▶ **The task**
Reproduce the lines below exactly, from the one containing "As a direct" through the one containing "A poster with", both included. Leave out any pictures.
· · · · ·
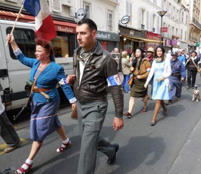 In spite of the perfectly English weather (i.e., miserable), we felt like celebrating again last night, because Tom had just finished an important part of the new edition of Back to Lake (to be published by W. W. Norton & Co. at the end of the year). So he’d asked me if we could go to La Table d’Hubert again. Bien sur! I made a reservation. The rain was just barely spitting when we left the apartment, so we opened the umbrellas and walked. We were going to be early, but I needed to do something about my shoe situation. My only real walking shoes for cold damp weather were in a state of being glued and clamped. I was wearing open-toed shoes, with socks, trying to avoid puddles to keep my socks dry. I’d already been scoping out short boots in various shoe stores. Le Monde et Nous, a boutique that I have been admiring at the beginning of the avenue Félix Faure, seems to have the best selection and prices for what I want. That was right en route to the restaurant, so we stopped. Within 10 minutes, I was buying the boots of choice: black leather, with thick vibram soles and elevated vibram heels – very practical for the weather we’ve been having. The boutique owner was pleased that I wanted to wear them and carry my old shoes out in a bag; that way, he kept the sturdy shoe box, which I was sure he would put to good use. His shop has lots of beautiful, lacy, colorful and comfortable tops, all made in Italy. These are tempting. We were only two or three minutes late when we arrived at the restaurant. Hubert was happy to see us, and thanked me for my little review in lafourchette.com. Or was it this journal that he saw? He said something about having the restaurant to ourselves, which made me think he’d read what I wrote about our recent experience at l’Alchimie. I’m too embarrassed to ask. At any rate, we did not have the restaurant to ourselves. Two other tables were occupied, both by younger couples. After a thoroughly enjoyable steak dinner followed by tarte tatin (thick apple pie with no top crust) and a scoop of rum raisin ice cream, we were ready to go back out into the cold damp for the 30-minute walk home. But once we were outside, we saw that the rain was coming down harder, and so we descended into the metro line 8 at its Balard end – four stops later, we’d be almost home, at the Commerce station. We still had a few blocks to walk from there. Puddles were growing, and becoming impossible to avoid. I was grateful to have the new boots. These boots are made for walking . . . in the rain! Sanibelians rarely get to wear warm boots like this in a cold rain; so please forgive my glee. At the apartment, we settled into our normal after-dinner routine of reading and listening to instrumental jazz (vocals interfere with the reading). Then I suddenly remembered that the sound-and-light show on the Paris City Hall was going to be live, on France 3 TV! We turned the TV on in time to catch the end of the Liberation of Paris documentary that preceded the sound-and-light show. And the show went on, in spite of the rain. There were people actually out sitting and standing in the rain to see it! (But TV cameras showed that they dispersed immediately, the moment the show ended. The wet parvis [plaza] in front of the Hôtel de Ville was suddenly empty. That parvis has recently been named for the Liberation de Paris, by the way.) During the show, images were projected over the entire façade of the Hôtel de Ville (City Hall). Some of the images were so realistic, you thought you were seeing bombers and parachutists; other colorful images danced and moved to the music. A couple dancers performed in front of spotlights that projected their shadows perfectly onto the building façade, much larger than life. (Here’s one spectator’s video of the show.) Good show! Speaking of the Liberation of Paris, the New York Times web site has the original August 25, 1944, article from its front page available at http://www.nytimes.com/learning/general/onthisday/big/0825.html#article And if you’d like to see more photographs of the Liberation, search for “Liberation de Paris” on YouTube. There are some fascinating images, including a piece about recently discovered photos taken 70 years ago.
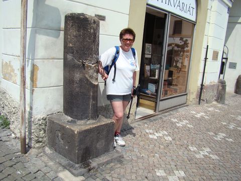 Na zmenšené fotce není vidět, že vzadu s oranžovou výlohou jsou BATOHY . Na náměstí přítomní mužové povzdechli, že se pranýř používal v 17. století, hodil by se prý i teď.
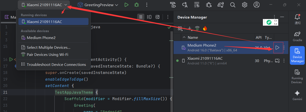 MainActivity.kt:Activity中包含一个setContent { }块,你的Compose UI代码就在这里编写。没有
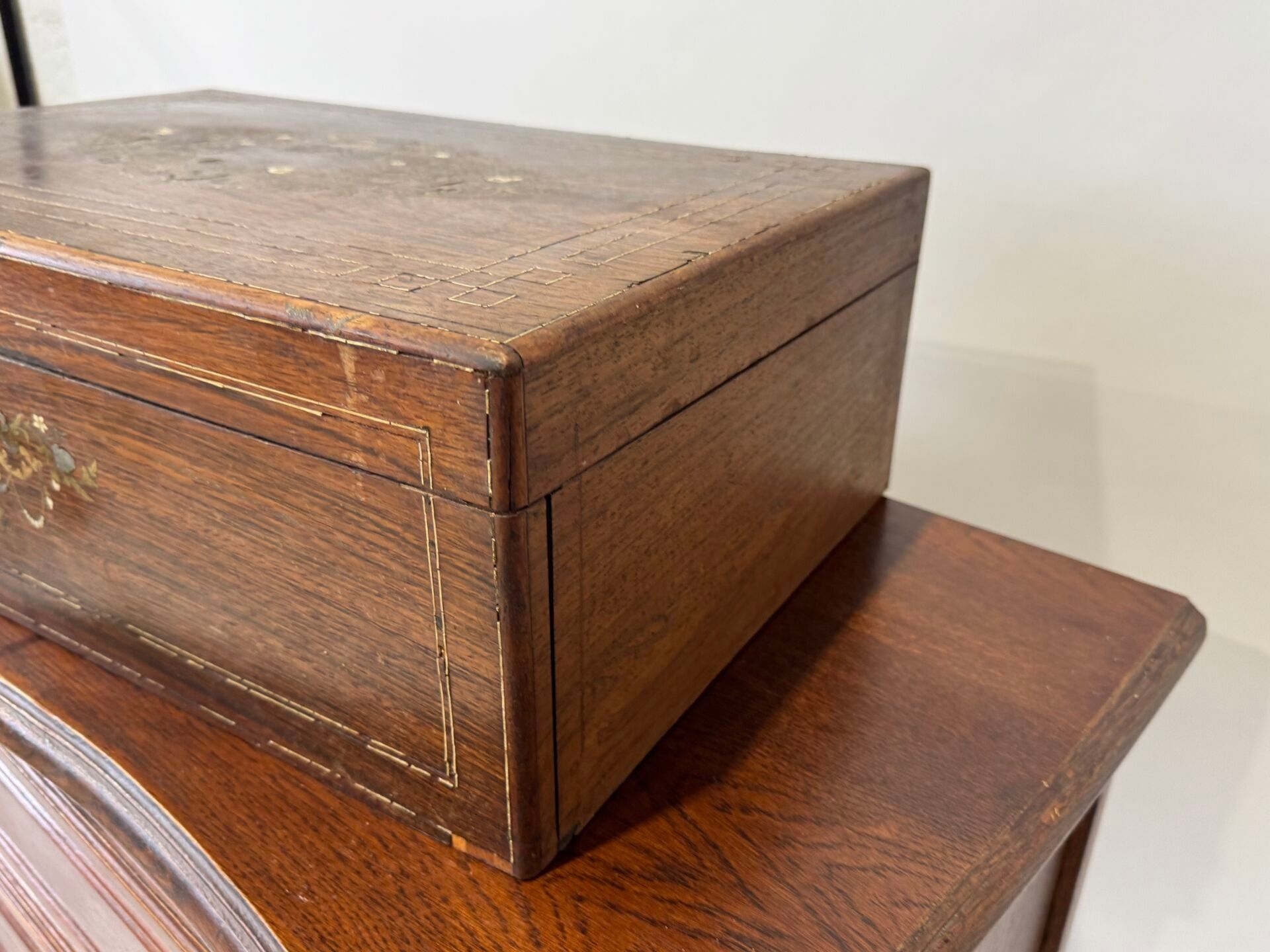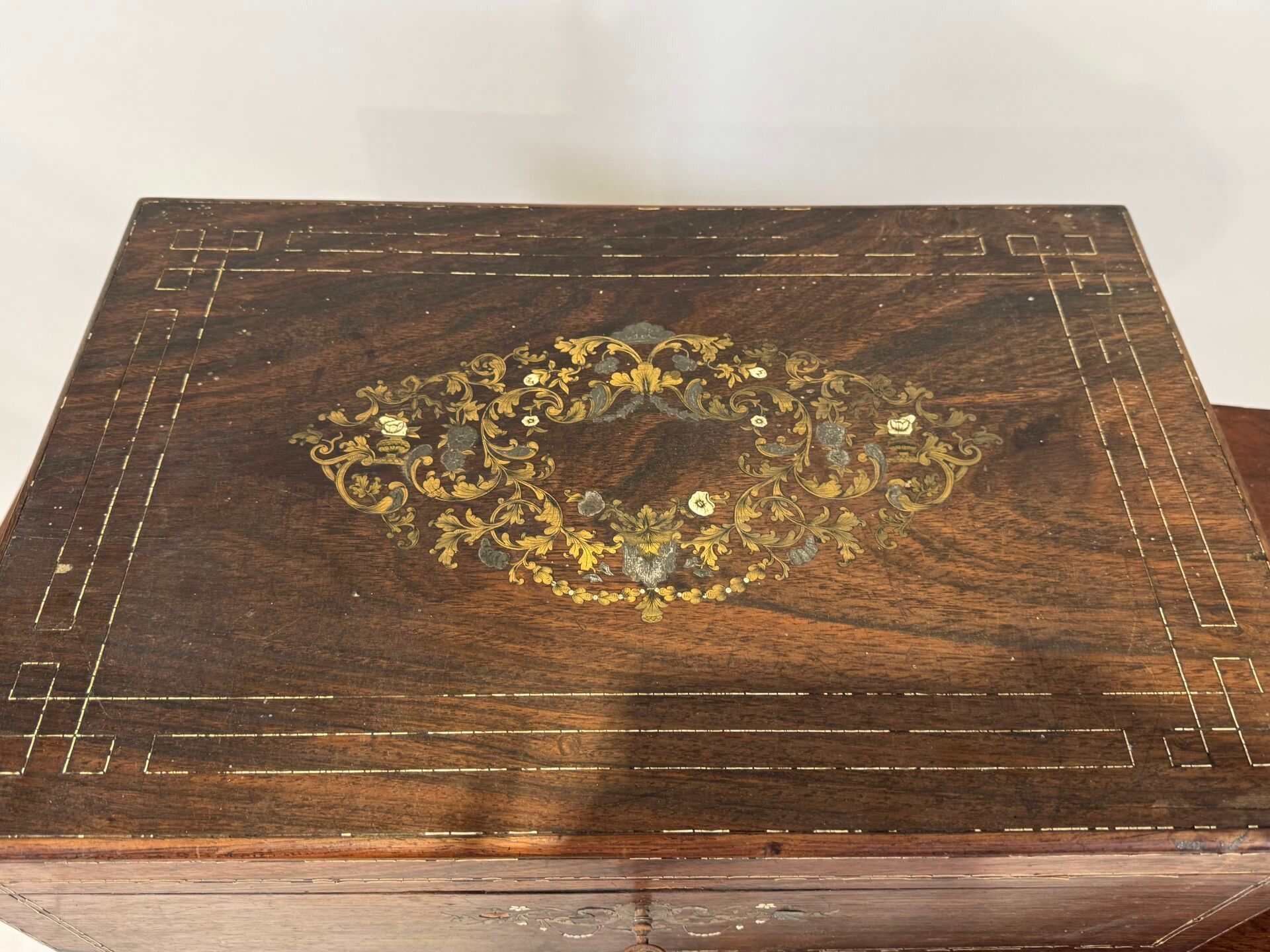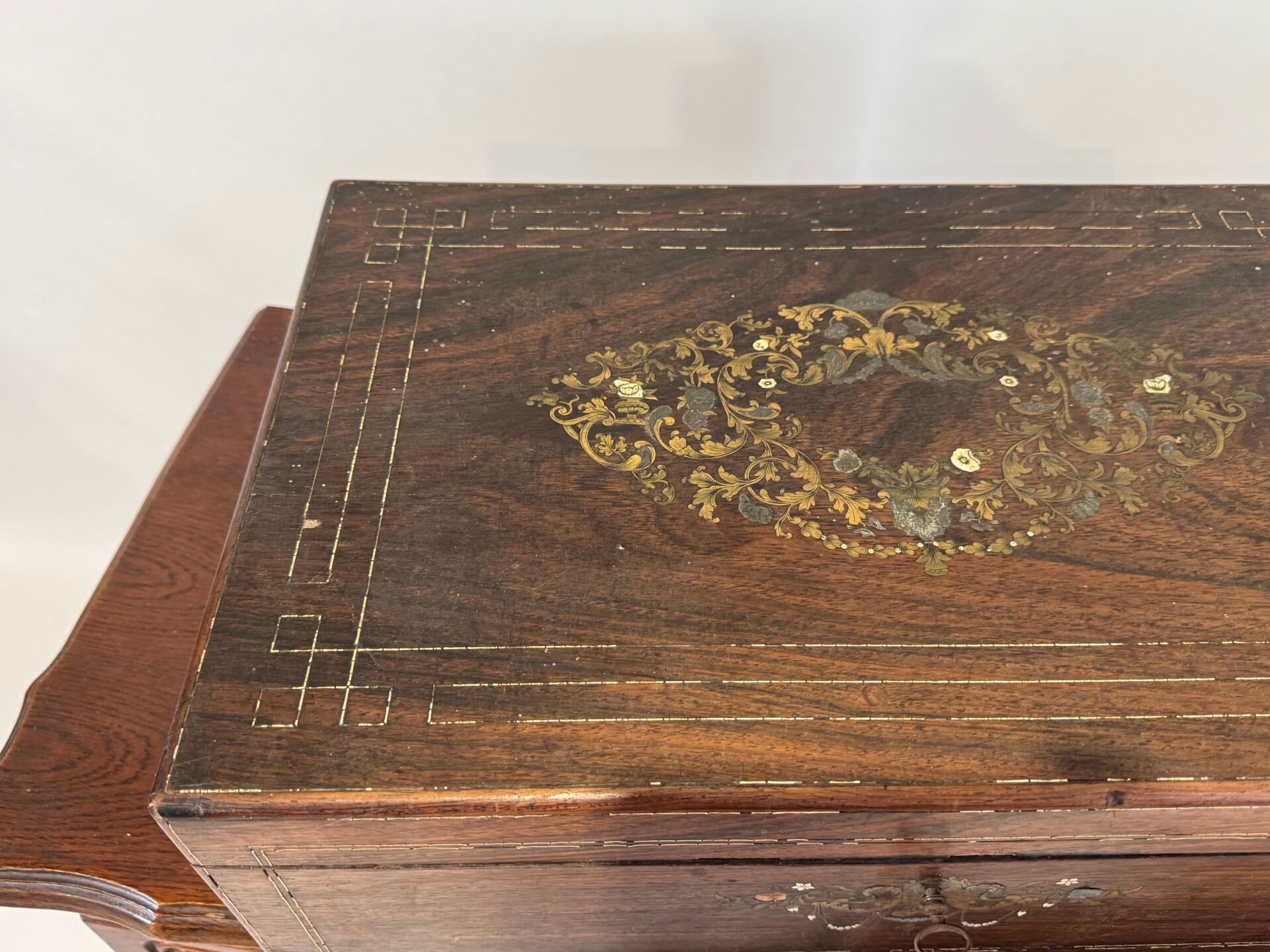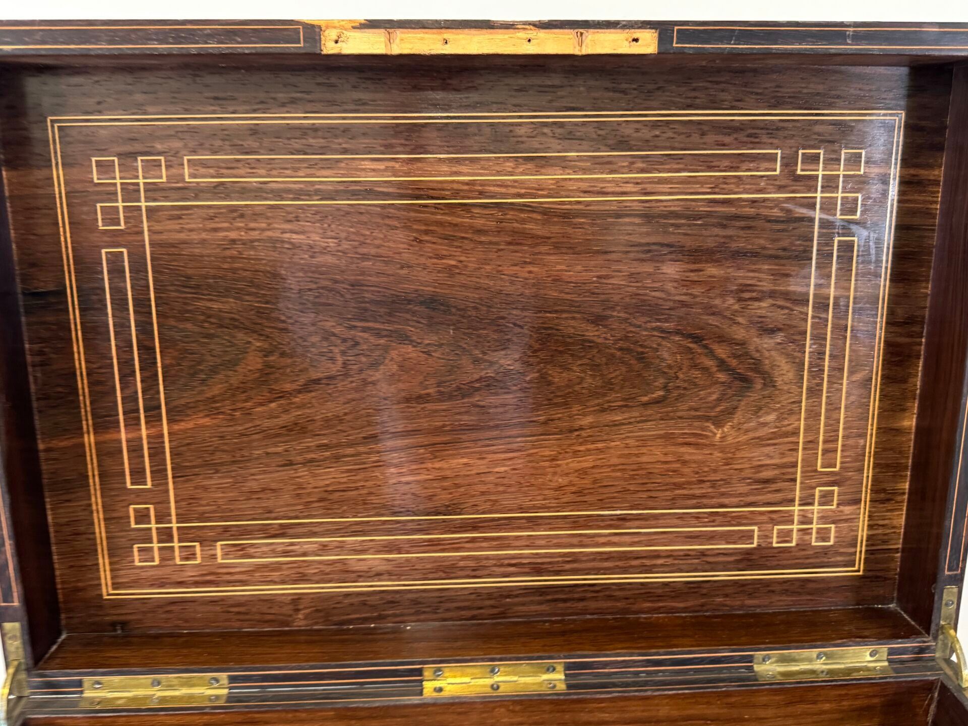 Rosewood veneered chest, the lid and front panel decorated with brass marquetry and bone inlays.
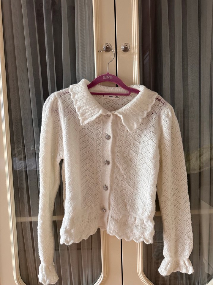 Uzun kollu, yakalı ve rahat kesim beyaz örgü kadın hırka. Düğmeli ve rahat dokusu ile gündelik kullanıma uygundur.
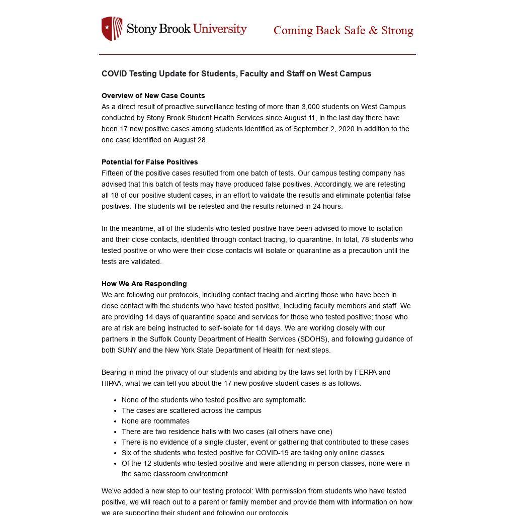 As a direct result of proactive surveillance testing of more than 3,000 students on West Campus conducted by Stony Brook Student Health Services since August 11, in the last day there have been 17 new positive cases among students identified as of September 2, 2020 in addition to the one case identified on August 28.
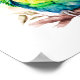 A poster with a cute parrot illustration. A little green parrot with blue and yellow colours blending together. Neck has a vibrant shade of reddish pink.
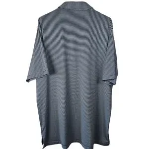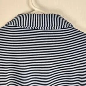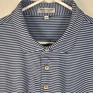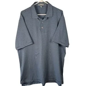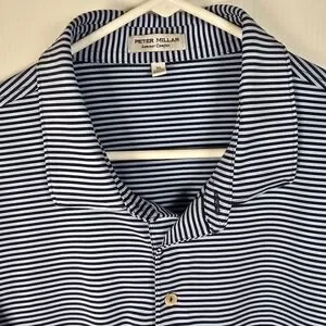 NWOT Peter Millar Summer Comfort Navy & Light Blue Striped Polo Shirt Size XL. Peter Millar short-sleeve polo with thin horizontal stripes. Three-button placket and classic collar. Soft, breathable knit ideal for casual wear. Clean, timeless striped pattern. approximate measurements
· · · · ·
▶ **Task response**
 As a direct result of proactive surveillance testing of more than 3,000 students on West Campus conducted by Stony Brook Student Health Services since August 11, in the last day there have been 17 new positive cases among students identified as of September 2, 2020 in addition to the one case identified on August 28.
 A poster with a cute parrot illustration. A little green parrot with blue and yellow colours blending together. Neck has a vibrant shade of reddish pink.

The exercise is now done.